Find the length of the curve r(t) = 3t, 3 cos(t), 3 sin(t), -3 ≤ t ≤ 3?

Solution:

Given: r(t) = 3t, 3 cos(t), 3 sin(t)

We have to compare it with

r(t) = (x, y, z)

So x = 3t, y = 3 cos(t), z = 3 sin(t)

By using the length formula

\(L=\int_{a}^{b}\sqrt{(x')^{2}+(y')^{2}+(z')^{2}}dt\)

We know that,

x = 3t, y = 3 cos(t), z = 3 sin(t)

Differentiate with respect to 't'

x’ = 3

y’ = -3 sint

z’ = 3 cost

Now substitute these values

\(L=\int_{-3}^{3}\sqrt{(3)^{2}+(-3 sint)^{2}+(3cost)^{2}}dt \\ \\L=\int_{-3}^{3}\sqrt{(3)^{2}+9sin^2{t}+9cos^2{t}}dt\\ \\L=\int_{-3}^{3}\sqrt{(3)^{2}+9(sin^2{t}+cos^2{t})}dt\\ \\L=\int_{-3}^{3}\sqrt{(3)^{2}+9}dt \\ \\L=\int_{-3}^{3}3\sqrt{2}dt \\ \\L=(3-(-3)×3\sqrt{2}\\ \\L=6× 3\sqrt{2}\\ \\L=18\sqrt{2}\)

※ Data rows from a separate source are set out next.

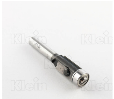
HW ФРЕЗЫ С ПРЯМЫМИ ФРЕЗАМИ С ПОДШИПНИКОМ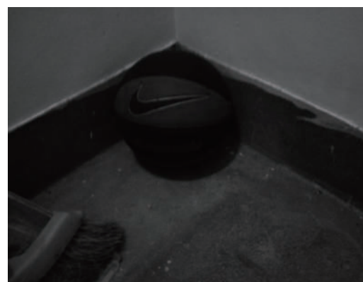
被遺忘的聲音 一顆放在角落的籃球，沒人聽得見它的哀愁。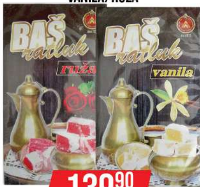
BAŠ RATLUK 400G VANILA/RUŽA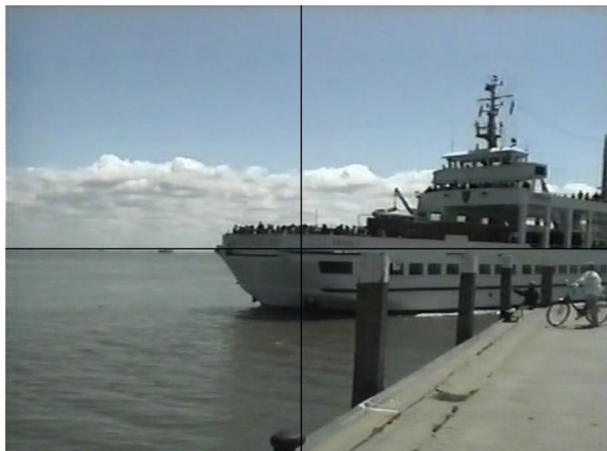
Abbildung 5: Juist 1 (Raab 2008, S. 172)

Die Sehgemeinschaft konstituiert sich über die fortlaufende Aktualisierung und wechselseitige Vor-Augen-Führung ihres Schnittmusters. Denn ist das Muster in den Handlungsprodukten umgesetzt und stimmen die zur Ansicht kommenden Inszenierungen mit den Kompositionsidealen und den Bildwünschen der Clubmitglieder überein, dann sind diese vom Kollektiv als erfolgreich bewerteten Filme sichtbare Vergegenständlichungen seines eigenen Seinsollens: idealisierte Ausgestaltungen von Wirklichkeiten, wie sie sich nur im technischen Artefakt entfalten können. Somit geben die Handlungsprodukte Auskunft über die Weltsicht und das Selbstbild der Sehgemeinschaft; darüber, wie diese im Idealfalle sehen und aussehen soll, ebenso wie über die Konstruktionsbedingungen dieser Wirklichkeiten, denen in letzter Instanz auch die Gemeinschaft selbst unterliegt.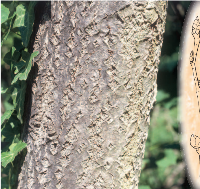
Abb. 71: Populus tremula . Zweigspitze mit Blattknospen und einer Blütenstandsknospe.

Verbreitung: Europa bis Sibirien und Kleinasien.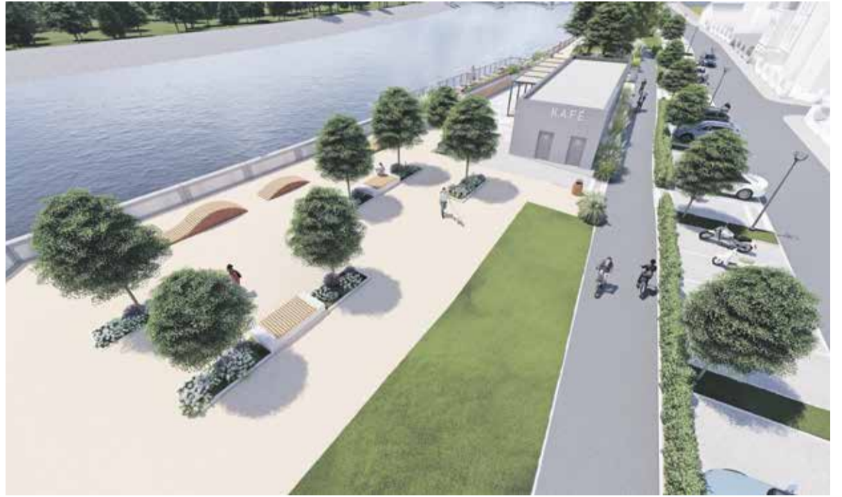
Takto by mělo nábřeží vypadat po skončení všech prací.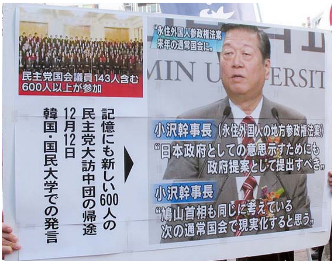
本日はいつもと趣向を変えて、主催者(草莽全国地方議員の会、外国人地方参政権絶対阻止行動委員会、日本文化チャンネル桜 二千人委員会有志の会、「NHK『JAPANデビュー』」を考える国民の会)が用意したプラカードの数々を紹介します。最新の情報をもとに上手く作るものですね。

Therefore, the length of the curve is 18√2.

Find the length of the curve r(t) = 3t, 3 cos(t), 3 sin(t) , -3 ≤ t ≤ 3?

Summary:

The length of the curve r(t) = 3t, 3 cos(t), 3 sin(t) , -3 ≤ t ≤ 3 is 18√2.